Il film iracheno dell’anno
Hanging Gardens è “il” film iracheno dell’anno: dopo la prima proiezione a Venezia nel settembre 2022, nel 2023 ha vinto il Gran Premio del Red Sea International Film Festival di Jedda, e ora è tutto un trionfo da Beirut a Tunisi, da Varsavia a Tetouan, da Lione a Oslo. La novità non è solo che un film iracheno riceva questo tipo riconoscimenti, ma che il cinema iracheno sia tornato a farsi vedere in Europa, lontano dalle dinamiche di guerre, terrorismo e orrori a cui la sua rappresentazione nel cinema internazionale ci ha abituato negli ultimi trent’anni.

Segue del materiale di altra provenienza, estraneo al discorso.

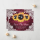 Boda personalizada de girasol rústico burdeos salva las tarjetas de cita con girasoles en un fondo rústico de madera adornado con encajes florales blancos y luces de cuerda. Nuestra morada floral rústica y burdeos, salvo la tarjeta de cita, es perfecta para un campo rústico, o para una fiesta de bodas de granero inspirada en las flores de girasol.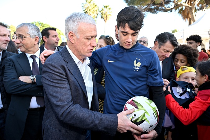 Le sélectionneur de l'équipe de France de football, Didier Deschamps (parrain de l'opération Pièces Jaunes), durant la clôture de l'édition 2024 de la 35eme Opération Pièces Jaunes à Nice, au kiosque à musique du jardin Albert 1er, le 2 février 2024. Cette collecte de fonds "Pièces Jaunes" est destinée à améliorer la vie des enfants hospitalisés. © Bruno Bebert/Bestimage Closing of the ‘Pièces Jaunes' event in Nice, France, le 3 février 2024.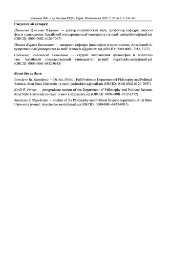 Цель исследования - выяснить, каким образом развлекательный контент влияет на политическую социализацию российской молодежи. В качестве эмпирической базы использованы данные массового опроса молодежи в четырех регионах России (Алтайский край, Томская область, Новосибирская область, Республика Алтай; объем выборки - 1257 респондентов), а также итоги нейросетевого анализа и контент-анализа пользовательских комментариев в Steam и YouTube. По результатам опроса в структуре политической социализации выявлены малочисленное «ядро» молодых пользователей (до 10 %), которое осознает политический подтекст развлекательного контента, и периферия (до 80 %), предпочитающая избегать политики, отрицающая ее влияние на свои ценности и установки и воспринимающая игры и видео исключительно как досуг. Нейросетевой анализ текста определил ключевые тематические кластеры (мегапеременные) в пользовательских дискуссиях: темы войны и мира, виртуального и реального, патриотизма и протеста, социальной справедливости и недоверия к властям. Установлены различия в характере дискурсов: на игровой платформе политика обсуждается более отвлеченно и по-философски, тогда как на видеохостинге дискурс значительно более политизирован (доминируют оценки текущей повестки, поляризация «ура-патриотов» vs. оппозиции). В заключение делается вывод о противоречивой роли развлекательного контента как особого канала политической социализации, он незаметно транслирует политические сюжеты, которые осознанно воспринимаются активным меньшинством молодежи и могут оказывать косвенное влияние на пассивное большинство. Полученные результаты отражают сегментацию молодежной аудитории и необходимость учета этой специфики при анализе влияния цифровой среды на формирование политической идентичности.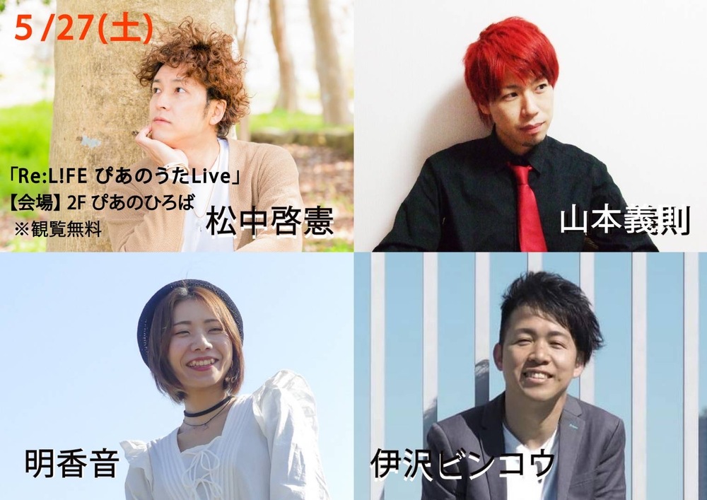Re:L!FE ぴあのうたLive Schedule 2023/05/27(土) 11:30 - エコールリラ 地図を表示 日 付: 2023年5月27日(土) 会 場: 岡場エコールリラ(兵庫) 2Fぴあのひろば 時 刻: 1st. 11:30~/2nd. 14:00~出 演: 伊沢ビンコウ/松中啓憲/山本義則/明香音 料 金: 観覧無料 ⭐︎グランドピアノでフリーライブ!是非お越しくださいませ◎ 会場公式サイト URLをコピーする 報告する
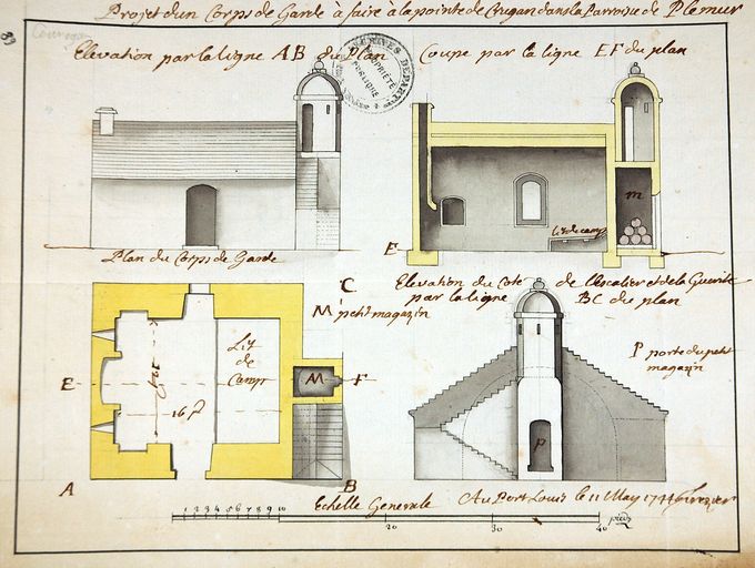 Coupe, élévation et plan d'un corps de garde (projet) à faire pointe de Bregan dans la paroisse de Plemur (Ploemeur : ?, Morbihan), fait à Port Louis le 11 mai 1744 par FrézierImmatriculation

Certo il film è il frutto della storia dell’Iraq, ma ha un registro ironico e insieme malinconico e surreale, che è la cifra linguistica dell’arte irachena, come ha bene dimostrato il romanzo Frankestein a Baghdad di Ahmed Saddawi, vincitore dell’Arab Booker Prize nel 2014. Hanging Gardens è anche il risultato della lotta di una giovane generazione di cineasti, nati durante l’occupazione americana e cresciuti sognando l’Europa.
A venti anni dall’occupazione americana
Il regista Ahmed Yassin al-Daraji è definito uno dei cento talenti dei Paesi arabi consacrati dalla rivista Esquire: è carismatico, capace di raccogliere, attorno ai suoi progetti, altri professionisti (dall’assistente alla regia al regista della fotografia all’assistente di produzione) cresciuti come lui a Baghdad e, come lui, dopo il diploma all’Accademia del cinema di Baghdad, emigrati e vissuti in Francia, Inghilterra, Germania, Canada, Olanda.

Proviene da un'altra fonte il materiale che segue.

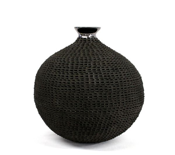 Mata Ortiz Highly Textured Black Olla by L. Soto, measure 6.5''H x 6.5''D, features highly textured body, pulled burnished spout in gun metal finish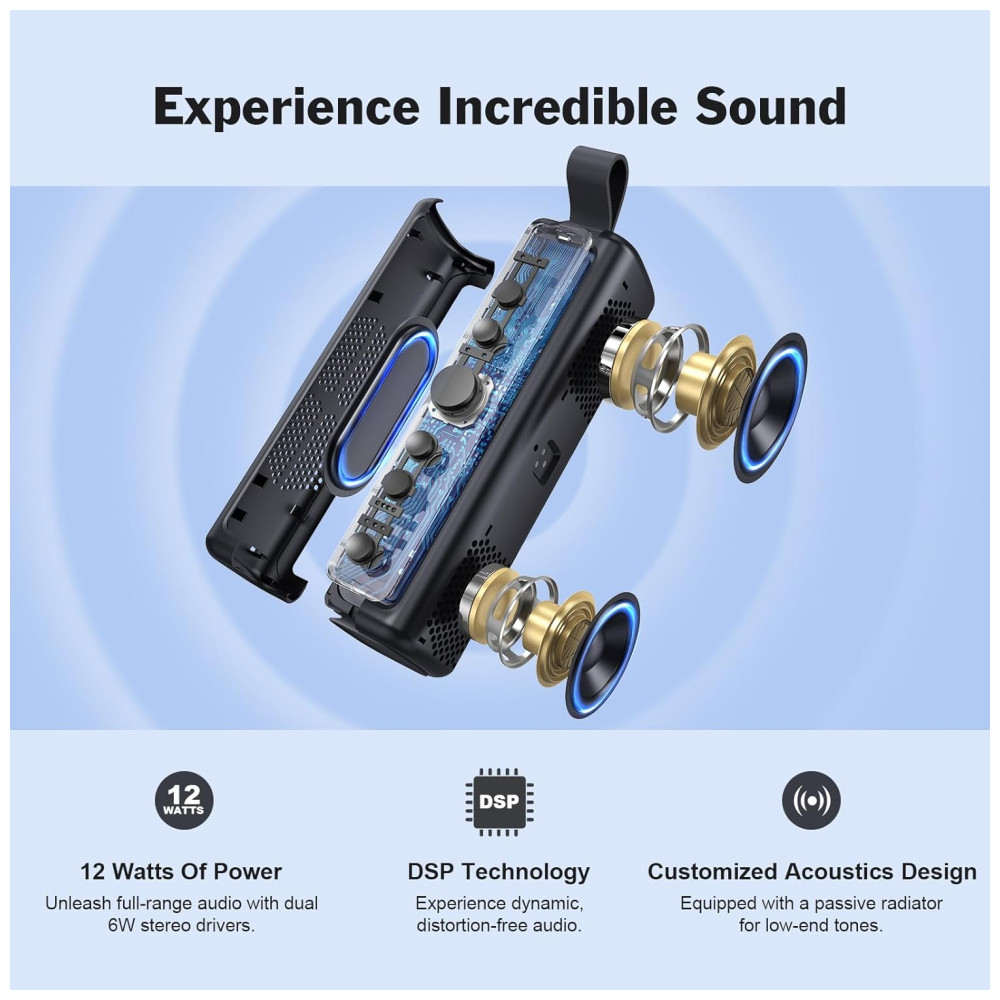 Som incrível alimentado por drivers estéreo 2X6W e um radiador passivo, o alto falante Bluetooth sem fio DOSS E go II oferece um som incrível com graves aprimorados, médios estreitos e agudos cristalinos sem distorção em qualquer volume. Além disso, o alto falante vem com um microfone embutido.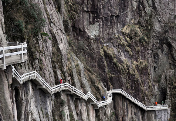 上得船來,我們一面對著煙雨朦朧的兩岸不停的按動快門,一面聽三哥講有關連江、歙縣的古老傳說。他講了好多,比如練江--新安江一頭一尾出了兩個領袖,即江頭的胡錦濤,江尾的江澤民。但我卻對“歙”之的來歷,記得最清楚,很有意思。原來這個字還與唐代大詩人李白有關。話說當年李白在京城參加殿試,認識一位歙縣的書生,當時此地還不叫“歙縣”哦。后來,李白云游到了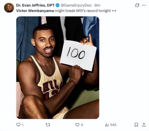 洛杉磯的醫(yī)學專家埃文-杰弗里斯:這個夜晚的文班亞馬就是張伯倫降臨。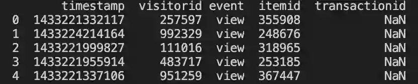import pandas as pdimport numpy as npdf = pd.read_csv('resource/events.csv')df.shapeprint(df.head())

Fin dall’inizio delle riprese, quando lo abbiamo incontrato sul set a Diyala, aveva le idee molto chiare sul senso di questa pellicola: “Dopo avere visto The American Sniper mi sono detto basta. Basta raccontare storie di soldati, cecchini, eroi e vittime. Questa è l’unica immagine che il cinema ha restituito dell’Iraq negli ultimi venti anni. Ma non solo da parte dell’Occidente. Qui in Iraq abbiamo sempre e solo raccontato storie di bambini iracheni senza gambe o di soldati americani e, recentemente, abbiamo cavalcato la variante dei soldati iracheni che combattono contro lo Stato islamico.

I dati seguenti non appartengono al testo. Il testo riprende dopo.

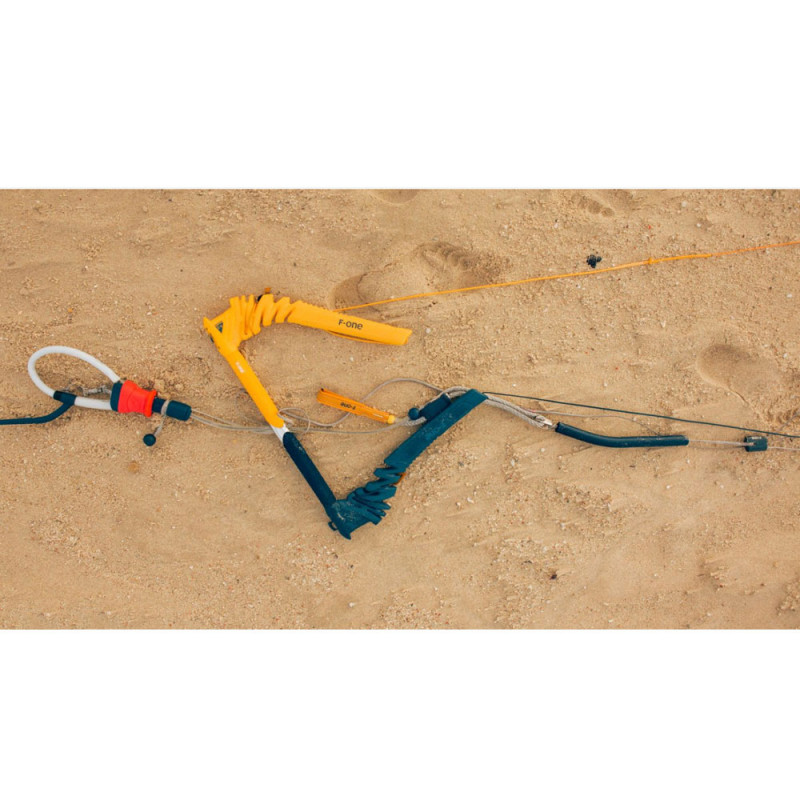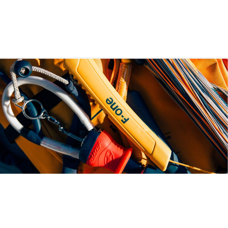 Barre livrée complète avec lignes de 24 mètres et équipée d'un leash d'aile 140 cm (Long) et d'une housse de protection.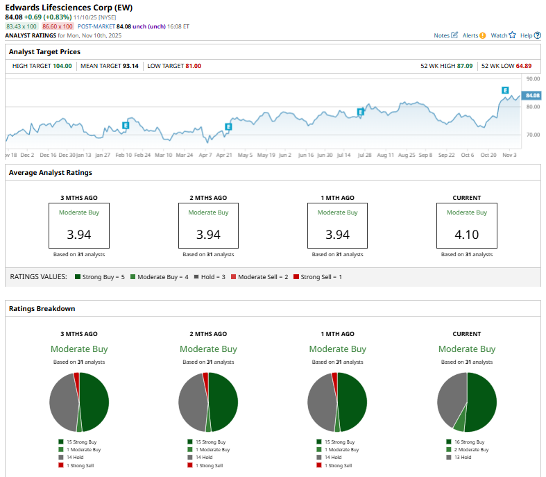 On October 9, UBS analyst Danielle Antalffy maintained a “Hold” rating on Edwards Lifesciences and set an $85 price target.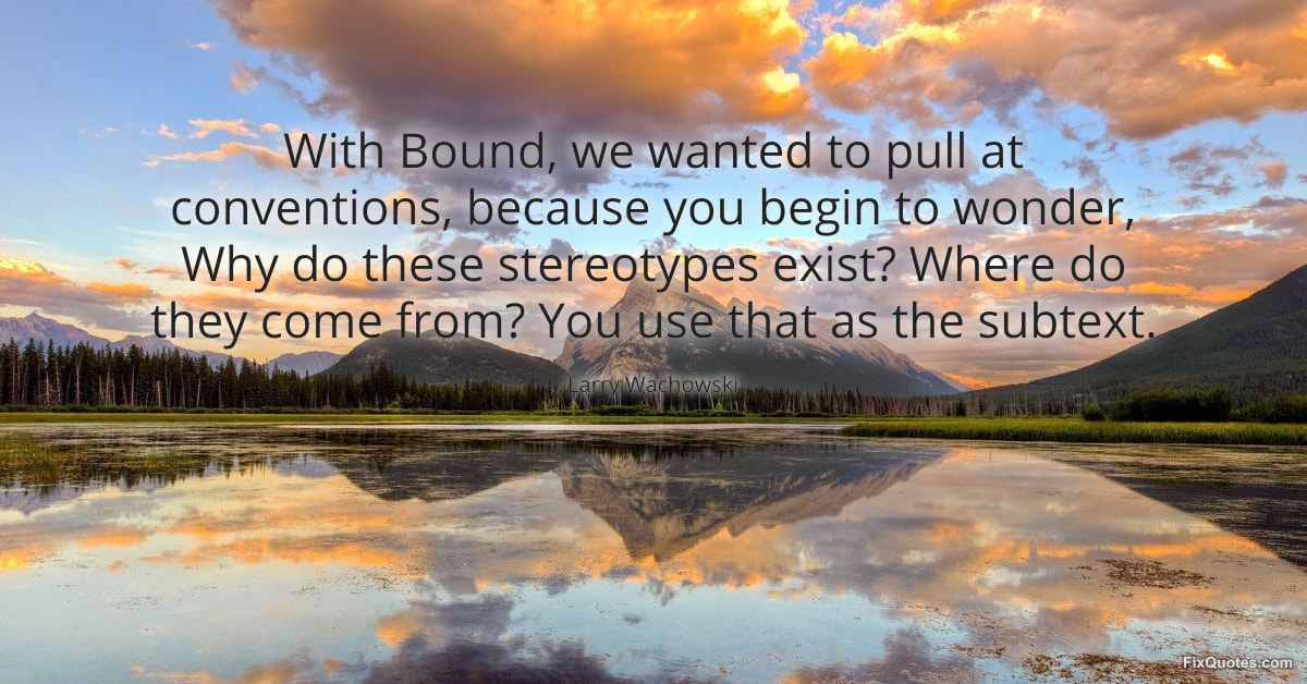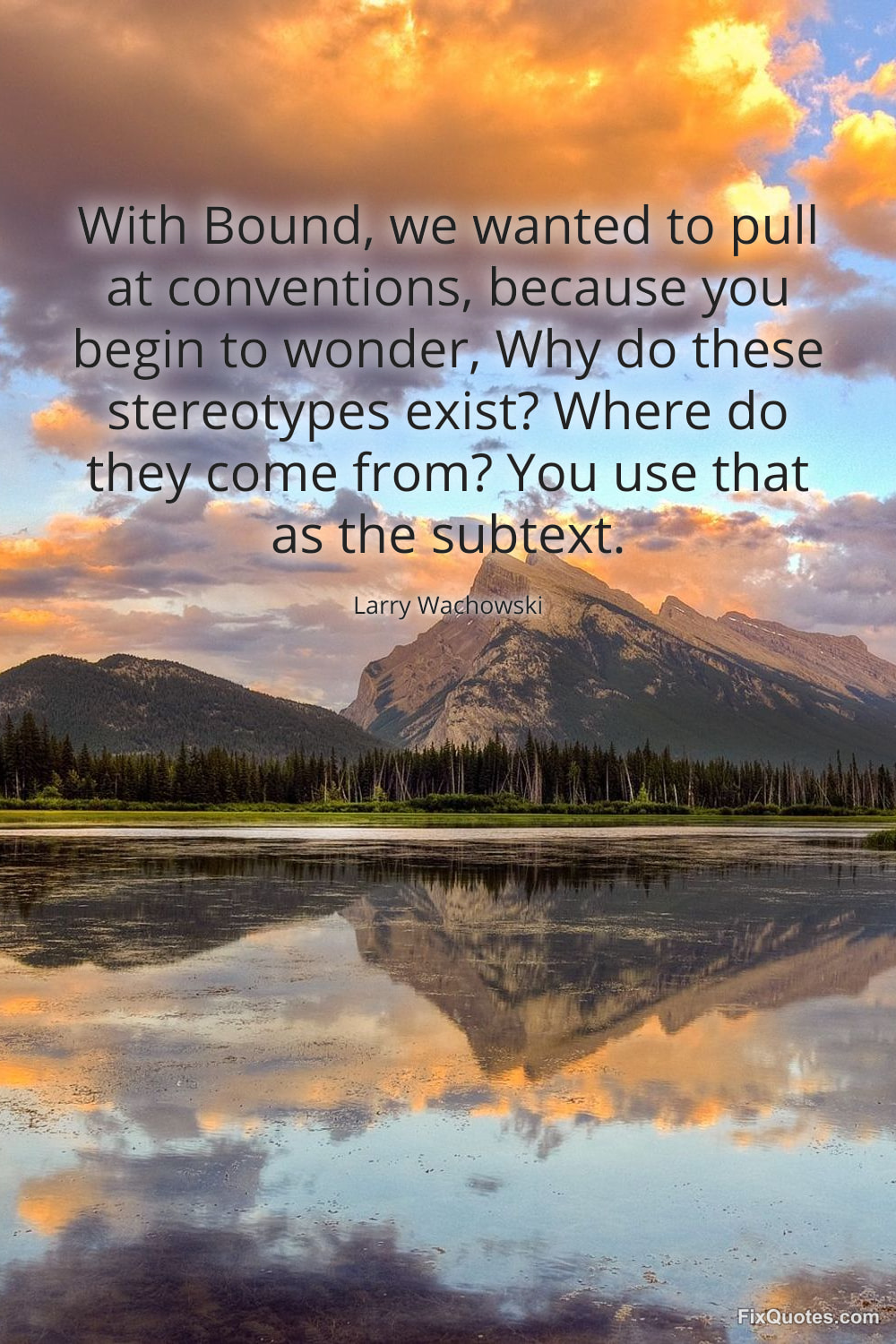 Wachowski, Larry. (2026, January 15). With Bound, we wanted to pull at conventions, because you begin to wonder, Why do these stereotypes exist? Where do they come from? You use that as the subtext. FixQuotes. https://fixquotes.com/quotes/with-bound-we-wanted-to-pull-at-conventions-146732/

In Hanging Gardens parliamo della perdita dell’innocenza: cosa significa per un bambino iracheno imbattersi in una cultura così diversa e invasiva? “L’occupazione americana ha cambiato completamente la nostra generazione, in meglio e in peggio, allo stesso tempo: la nostra generazione di iracheni guarda al resto del mondo, soprattutto all’Occidente, e sogna per sé il benessere nella vita quotidiana, l’assenza di corruzione, più civiltà, libertà, modernità. Ma non stiamo cercando di replicare il modello occidentale: miriamo, invece, a trovare il nostro modo per rivivificare l’orgoglio nazionale".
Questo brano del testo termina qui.